■ **PROBLEM STATEMENT**: Using the data below, output a verbatim copy of the lines between the one holding "Bernachou (à droite)" and the one holding "Elho Amber Roll", inclusive, without any pictures.

(Beginning of DATA)

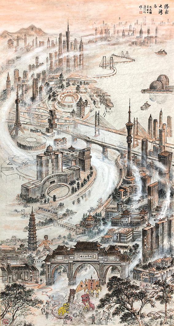 《腾飞大湾区》创作构想:一直有个念想,怎样用一幅作品表现大湾区的精神?
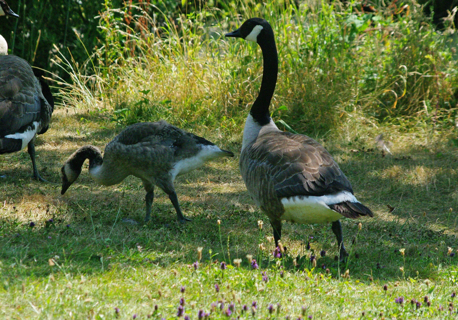 Bernachou (à droite) est toujours là! Bientôt on ne le distinguera plus de ses parents ou congénères!Va-t-il s'envoler, avec son petit groupe, vers d'autres horizons bientôt, ou restera-t-il fidèle au lieu de sa naissance?
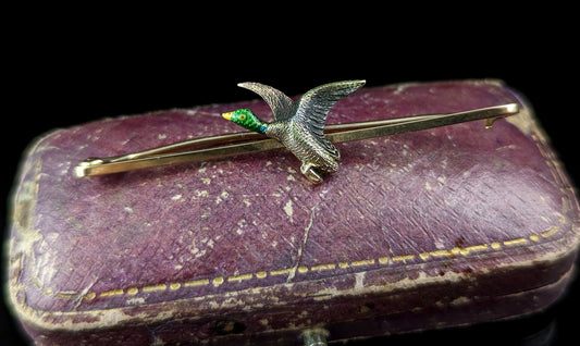 Antique Duck brooch, 15ct gold and Platinum, enamel
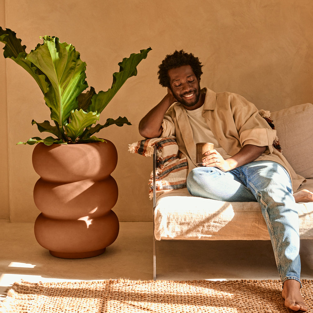 Elho Amber Roll High 43 - Karamel - Ø 43 x H 58 cm - Binnen en Buiten - 100% gerecycled
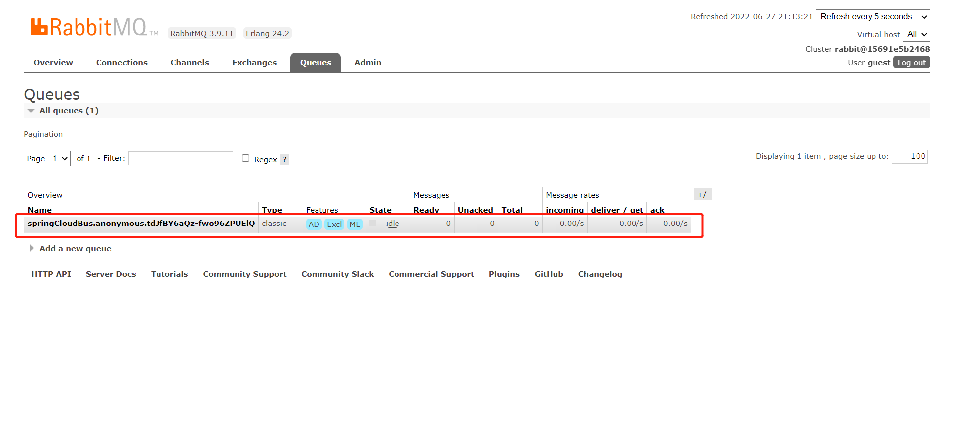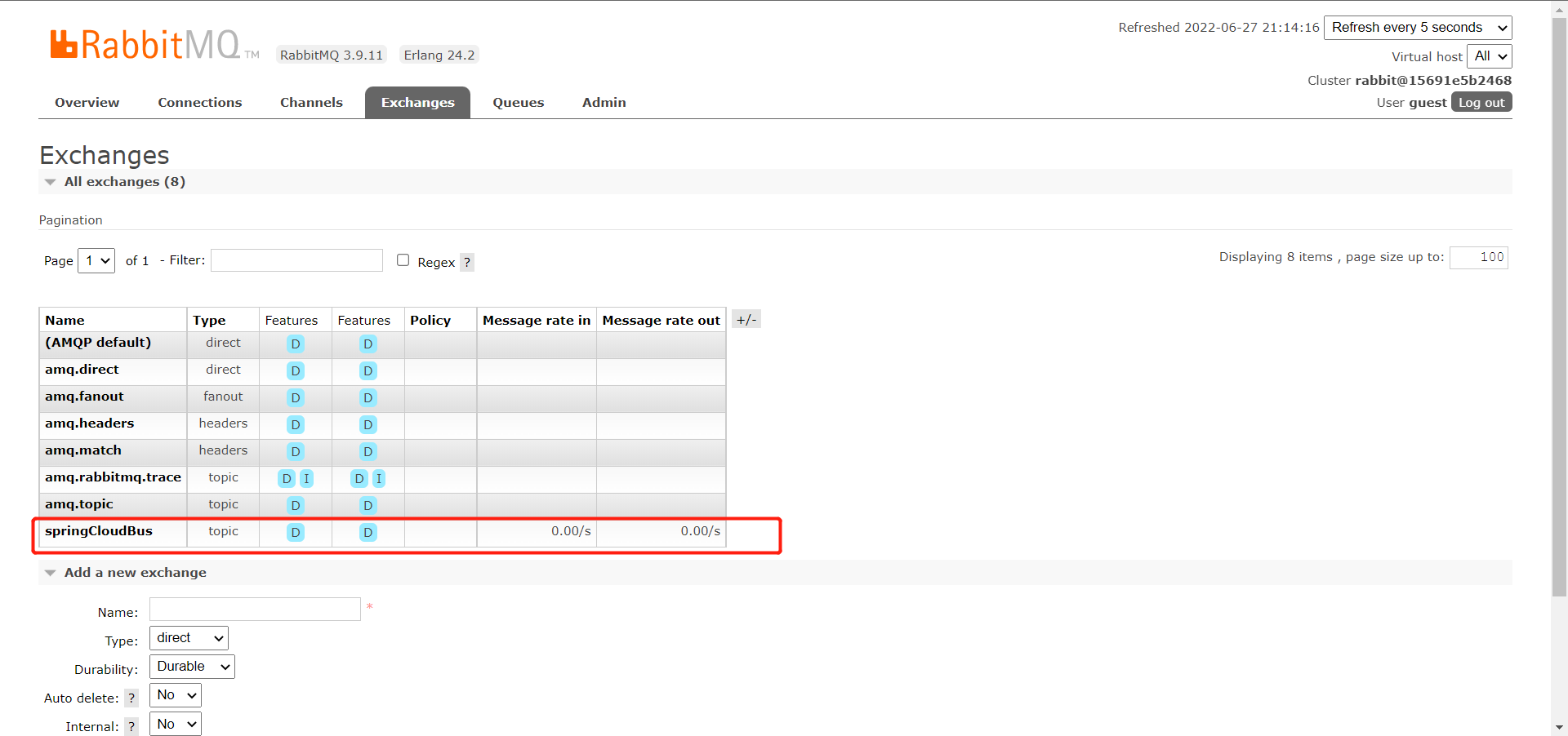 再来观察一下消息队列的 UI 界面,发现多了一个 springCloudBus 的交换机。

(End of DATA)

■ **PROBLEM SOLUTION**:
 Bernachou (à droite) est toujours là! Bientôt on ne le distinguera plus de ses parents ou congénères!Va-t-il s'envoler, avec son petit groupe, vers d'autres horizons bientôt, ou restera-t-il fidèle au lieu de sa naissance?
 Antique Duck brooch, 15ct gold and Platinum, enamel
 Elho Amber Roll High 43 - Karamel - Ø 43 x H 58 cm - Binnen en Buiten - 100% gerecycled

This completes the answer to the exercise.